Something Might Happen, Julie Myerson

Something-Might-Happen-Julie-Myerson.

I’ve always wondered what Julie Myerson’s books are like, but only because she’s so controversial a figure in the north London media gossip scene for writing about her children often and openly, in a long-running Guardian column and a non-fiction book about her eldest son’s cannabis addiction.

I didn’t know what any of them were called though, so assumed they weren’t great, or that her infamy overshadowed them. I came across Something Might Happen (2003) on holiday, in a worn paperback edition. The book begins with a murder, as so many books do. It is a brutal one. Myerson then unpicks, cleverly and gently, the actions and feelings of the husband, best friend, lover and children left behind, the pain they go through as devastating as the original act.

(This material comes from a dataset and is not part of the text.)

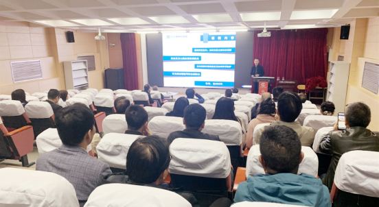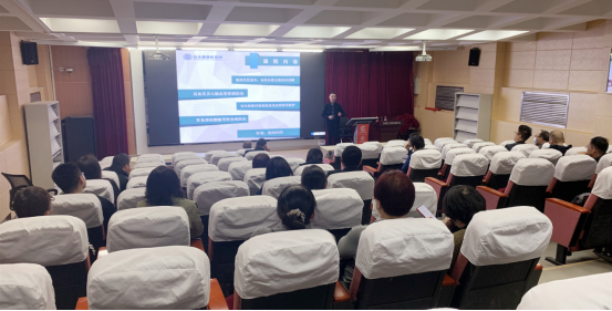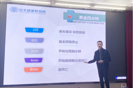 当天的活动邀请红十字会救护员、健康教育高级讲师郭磊进行安全健康知识讲座,全院教师进行了学习。郭磊长期从事健康教育工作,有丰富的医学知识和授课经验。在讲座中,他主要介绍了急救知识和心脑血管健康知识。他详细讲解了急救的黄金时间、心肺复苏、人工呼吸等常见急救技能的操作步骤等,普及了急救知识,提高老师们的安全意识和自救、急救、互助能力以及预防和治疗高血压、心脑血管疾病的能力。

What happens? They try and get through each day. In terms of plot, Myerson has constructed a sophisticated tale upon the flimsiest of foundations, but she succeeds because the story is touching and, let’s face it, could happen to any of us. Although the murder is horrific, as the book unfolds we experience a tenseness to match any thriller, but not the expected revelations. This made the book somewhat unsatisfying at the end, but also projected a kind of truth about grief and about events with no explanation: the thing cannot be solved, and it will not go away, it can only be lived with, and endured. There is no closure for anyone.

I was doing my postgrad and not following fiction releases when this book came out, so I don’t know what, if any, sort of fanfare it received, but I feel there are many writers of Myerson’s remarkable calibre who are thought of as women who write about family and domestic issues, and whose books would have been sold very differently under a man’s name.